Au coin de ces rues que je connais bien, car j’ai grandi à Rabat jusqu’à mes 18 ans, un nouvel élément s’est aujourd’hui invité au paysage. Les herbes séchées et regroupées en petits blocs de foin jonchent aujourd’hui les rues pour nourrir les moutons de la fête de l’Aid, qui aura lieu quelques jours plus tard. Sur notre chemin, nous rencontrons d’ailleurs une bande de joyeux lurons qui en tirent poussivement un, certainement pour l’amener à son propriétaire. En déambulant dans la ville, nous traversons l’ancien quartier juif et passons devant de nombreux petits coiffeurs.  » Avant, la circulation de l’information passait par ces petites échoppes » nous raconte Abderrahmane. On y lisait magazines et journaux et discutait des heures durant de l’actualité au rythme des coups de ciseaux.
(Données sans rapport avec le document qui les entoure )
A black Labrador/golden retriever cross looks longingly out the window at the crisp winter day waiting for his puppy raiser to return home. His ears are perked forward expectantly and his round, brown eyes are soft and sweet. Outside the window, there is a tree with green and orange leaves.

Medina © Mehdi Drissi/Onorientour

Medina © Mehdi Drissi/Onorientour

A Rabat, la culture se trouve davantage dans les lieux institutionnels , musées et les galeries qui se concentrent près de la mosquée Sunna et que nous avons prévu de visiter demain. Contrairement à Casablanca, à Rabat, la culture s’expose et se consomme plus qu’elle ne se fabrique. ll y a à Rabat une petite clientèle avide de culture mais encore trop peu de fabriques culturelles.

© Mehdi Drissi / Onorientour

© Mehdi Drissi / Onorientour

Dans la médina, c’est un autre type de culture que nous découvrons. »Il s’agit d’une culture de l’artisanat et des choses simples, dans lesquelles une véritable créativité s’exerce néanmoins. » déclare Abderrahmane. Pas loin de Bab Challah, une bande de gamins s’active autour d’un flipper entièrement confectionné par l’un d’entre eux.
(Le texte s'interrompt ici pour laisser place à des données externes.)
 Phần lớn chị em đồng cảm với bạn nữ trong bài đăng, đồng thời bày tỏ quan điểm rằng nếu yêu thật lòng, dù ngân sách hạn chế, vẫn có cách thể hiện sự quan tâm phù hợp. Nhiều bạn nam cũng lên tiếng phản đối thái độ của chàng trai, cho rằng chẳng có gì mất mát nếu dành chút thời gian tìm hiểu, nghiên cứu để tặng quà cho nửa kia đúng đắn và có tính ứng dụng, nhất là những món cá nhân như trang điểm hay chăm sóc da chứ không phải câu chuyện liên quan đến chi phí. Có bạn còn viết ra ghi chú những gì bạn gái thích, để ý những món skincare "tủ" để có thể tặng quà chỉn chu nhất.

« On s’amuse autant qu’avec un vrai »
lance effrontément son concepteur

Marina Rabat © Mehdi Drissi / Onorientour

Marina Rabat © Mehdi Drissi / Onorientour

Après la rue des consuls, notre ballade nous mène à la Marina flambant neuve. Puis nous montons à la Kasbah des Oudayas par le jardin andalous, où une bande de jeunes répète les paroles d’un guitariste à la voix douce et chantante. Nous avons alors le droit à une version arabe de « Marry You » de Bruno Mars dans laquelle se glissent de nombreuses références marocaines qui font sourire « Khellini nkhteb bentek a 3emi » (laisse moi demander la main de ta fille) ou « njiblek tbassel taouss » (faisant référence à un type d’assiettes décorées par des paons que l’on réserve aux grandes occasions). La deuxième chanson qu’entonnera le jeune homme étant algérienne, Mehdi dégaine alors son appareil à toute vitesse.
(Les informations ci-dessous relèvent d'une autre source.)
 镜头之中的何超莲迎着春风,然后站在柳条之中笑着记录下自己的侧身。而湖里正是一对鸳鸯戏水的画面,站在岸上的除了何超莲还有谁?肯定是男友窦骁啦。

A quelques pas du jardin, nous passons par le café maure à la vue imprenable sur le Bouregreg et aux gâteaux succulents. De là, nous remontons jusqu’au large mirador qui donne la plage de Rabat, en passant par la galerie Nouiga. L’âme de Rabat se trouve là : dans les vieilles ruelles entremêlées qui s’ornent à présent d’un street art encore timide.

Medina © Mehdi Drissi / Onorientour

Medina © Mehdi Drissi / Onorientour

Petit à petit, la modernité s’empare de  cette ville historique et administrative qu’est Rabat, comme avec Jidar, projet de street art XXL qui a transformé certaines façades de Rabat en spectacle vivant. Le défi étant d’en préserver l’authenticité tout en l’adaptant à l’esprit de la jeunesse r’bati.

Sur le chemin du retour par l’ancienne ville, nous passons les portes de D’art Louane, riad dédié aux arts sous toutes les formes et construit à l’intérieur de Souika pour renforcer les interactions avec l’âme de Rabat et ses habitants. Entre authenticité et modernité, Rabat s’ouvre de plus en plus aux initiatives culturelles dans leur diversité qui fleurissent dans une ville pétrie de paradoxes.